Work task:
In the material below, pictures must be dropped. Repeat exactly, and only, the lines from the line with "4年生は、泉図書館から2名の" to the line with "9. El Wood.", both ends included.
------ Available data
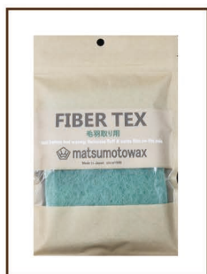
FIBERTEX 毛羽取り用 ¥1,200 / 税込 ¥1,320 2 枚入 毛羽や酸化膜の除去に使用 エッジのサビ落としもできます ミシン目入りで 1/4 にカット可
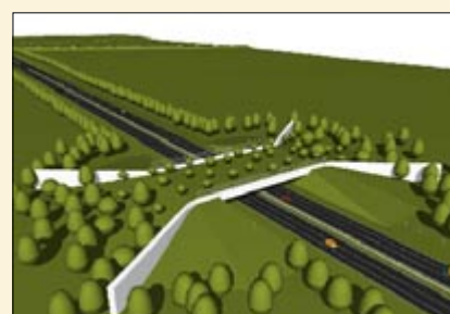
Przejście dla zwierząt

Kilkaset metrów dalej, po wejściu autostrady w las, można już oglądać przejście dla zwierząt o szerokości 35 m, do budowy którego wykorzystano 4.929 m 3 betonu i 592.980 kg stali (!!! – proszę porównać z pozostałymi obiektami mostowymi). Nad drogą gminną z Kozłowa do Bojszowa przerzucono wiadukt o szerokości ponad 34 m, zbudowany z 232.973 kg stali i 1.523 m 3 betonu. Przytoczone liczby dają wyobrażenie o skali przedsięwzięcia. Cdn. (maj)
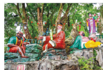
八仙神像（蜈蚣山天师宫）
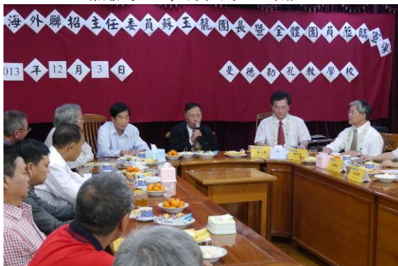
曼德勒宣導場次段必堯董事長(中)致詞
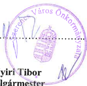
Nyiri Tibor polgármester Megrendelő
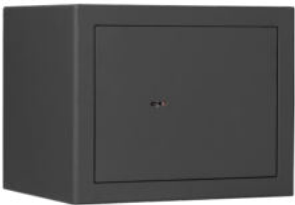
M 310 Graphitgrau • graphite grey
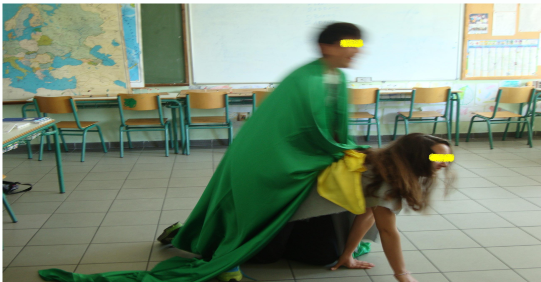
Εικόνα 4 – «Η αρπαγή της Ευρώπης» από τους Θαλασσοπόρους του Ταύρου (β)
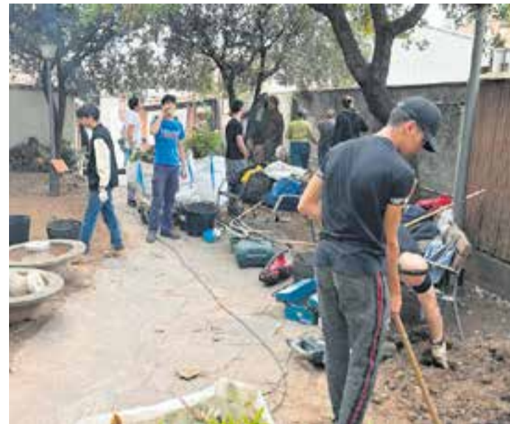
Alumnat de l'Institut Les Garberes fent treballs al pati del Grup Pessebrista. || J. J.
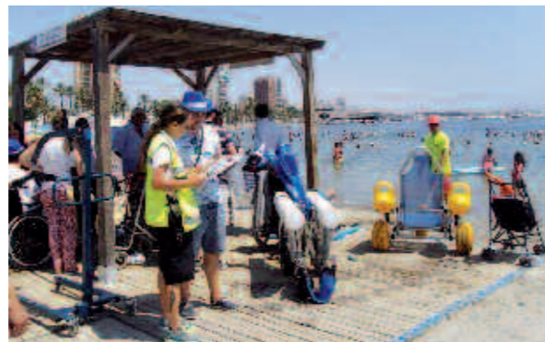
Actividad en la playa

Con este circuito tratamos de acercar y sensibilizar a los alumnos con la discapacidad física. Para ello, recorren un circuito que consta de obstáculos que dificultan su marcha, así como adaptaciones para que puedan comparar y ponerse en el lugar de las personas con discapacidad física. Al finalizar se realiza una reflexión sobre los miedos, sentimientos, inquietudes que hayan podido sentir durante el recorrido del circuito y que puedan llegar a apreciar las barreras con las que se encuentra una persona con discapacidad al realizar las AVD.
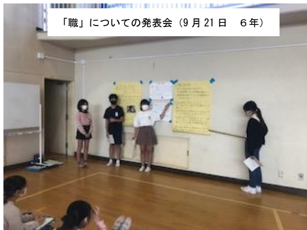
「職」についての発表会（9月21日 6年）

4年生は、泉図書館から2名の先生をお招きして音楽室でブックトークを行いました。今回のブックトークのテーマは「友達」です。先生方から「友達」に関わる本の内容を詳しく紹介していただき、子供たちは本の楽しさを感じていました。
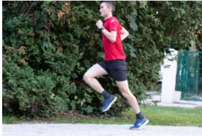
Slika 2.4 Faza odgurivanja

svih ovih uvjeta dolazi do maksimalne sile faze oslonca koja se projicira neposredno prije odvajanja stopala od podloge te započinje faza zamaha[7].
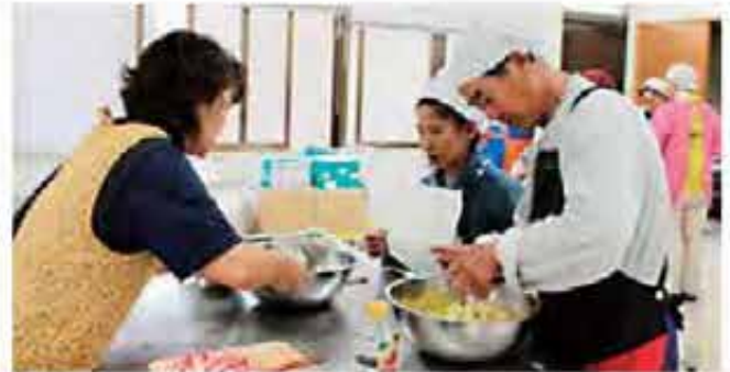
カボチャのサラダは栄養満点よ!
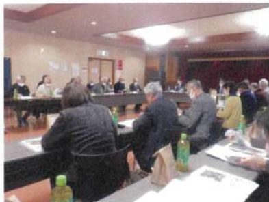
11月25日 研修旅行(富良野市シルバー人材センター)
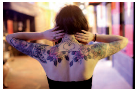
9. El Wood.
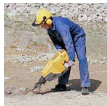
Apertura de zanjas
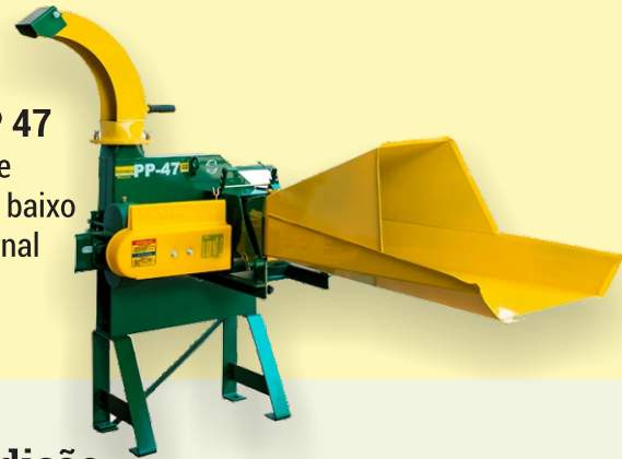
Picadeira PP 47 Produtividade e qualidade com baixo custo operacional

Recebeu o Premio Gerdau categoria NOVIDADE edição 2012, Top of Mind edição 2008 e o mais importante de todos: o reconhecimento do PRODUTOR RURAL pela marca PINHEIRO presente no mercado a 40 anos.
------------
Final answer:
4年生は、泉図書館から2名の先生をお招きして音楽室でブックトークを行いました。今回のブックトークのテーマは「友達」です。先生方から「友達」に関わる本の内容を詳しく紹介していただき、子供たちは本の楽しさを感じていました。
Slika 2.4 Faza odgurivanja

svih ovih uvjeta dolazi do maksimalne sile faze oslonca koja se projicira neposredno prije odvajanja stopala od podloge te započinje faza zamaha[7].
カボチャのサラダは栄養満点よ!
11月25日 研修旅行(富良野市シルバー人材センター)
9. El Wood.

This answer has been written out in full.